Efimia Panagiotaki

Master Thesis
Supervisors: Dr. Dengxin Dai

An Efficient Track Detection and Mapping System for Self-Driving Racing Cars

This work presents an efficient system for track detection and mapping for self-driving racing cars. The goal is to generate an accurate semantic map of the track and to provide accurate velocity and pose estimates. For the sensor system, we use two monocular cameras and an Inertial Navigation System (INS) in order to build an accurate and secluded visual SLAM system totally from scratch. The system is optimized for large scale applications and outdoors conditions. To detect cones' positions, we have implemented a cone detection algorithm which classifies SLAM tracked landmarks to "cones" and "background". The combination of cone detection, stereo SLAM and visual odometry builds a 3D map of cone landmarks.
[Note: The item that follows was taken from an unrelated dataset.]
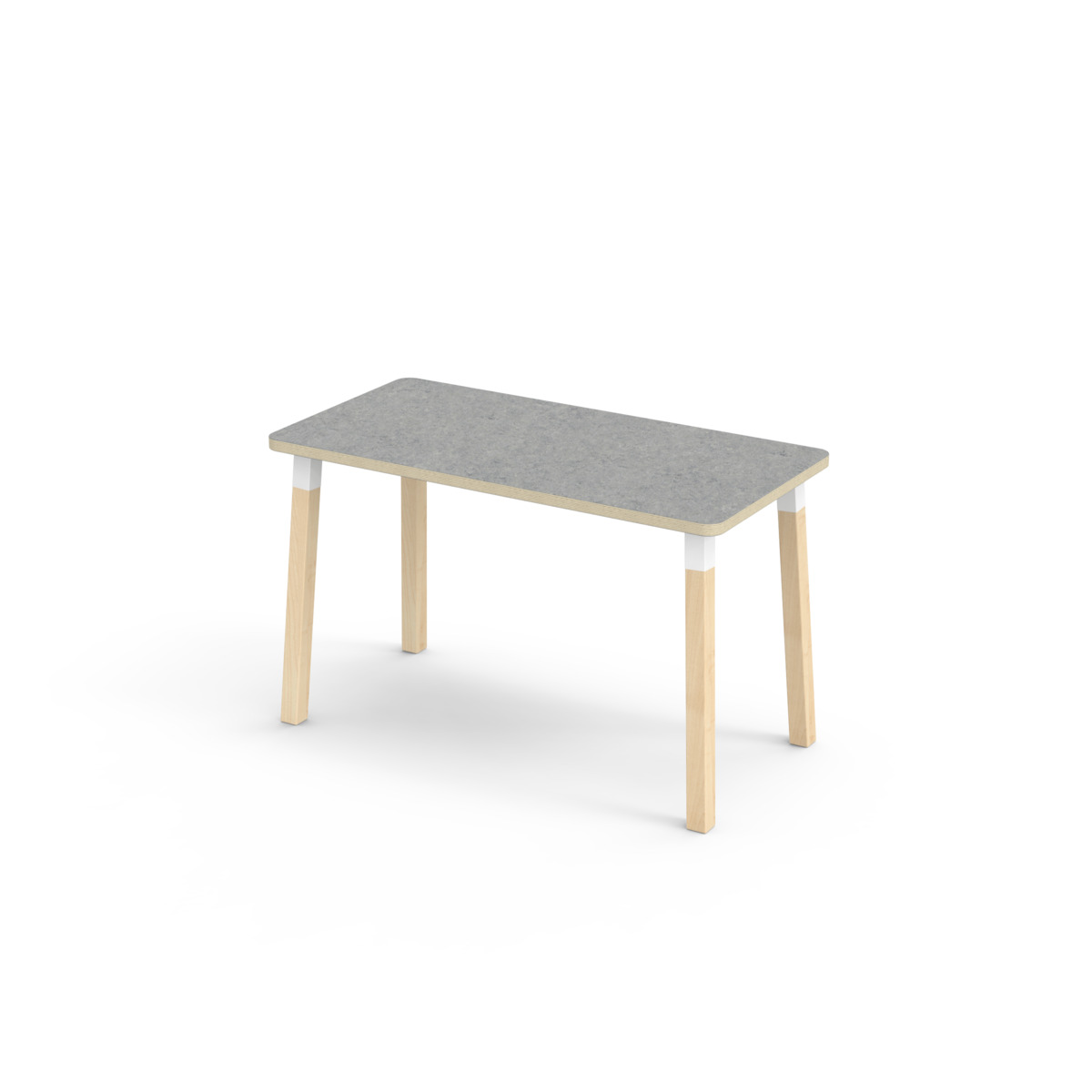Pöydän kannessa on ääntä vaimentava rakenne ja kestävä korkeapainelaminaattipinta. Pöydän kannen kulmissa on 40 mm pyöristys, jonka ansiosta pöytä saa modernin ja tyylikkään ilmeen. Jalat on valmistettu kirkaslakatusta massiivikoivusta ja kiinnitetty tukevalla metalliholkilla. Jalan kulma on ulkoneva; rakenne takaa sekä vakauden että kestävyyden.

The system has proven to be robust to fast angular rates, and successful tracking was achieved for more than 180°/s. The method has been integrated into a self-driving system for racing car Flüela. Flüela is a lightweight, 4 wheel drive electric race car developed by Akademischer Motorsportverein Zürich (AMZ) Driverless. In August 2017, AMZ participated in the Formula Student Driverless Competition in Hockenheimring, Germany, and has won the 1st place overall, among 15 other driverless teams.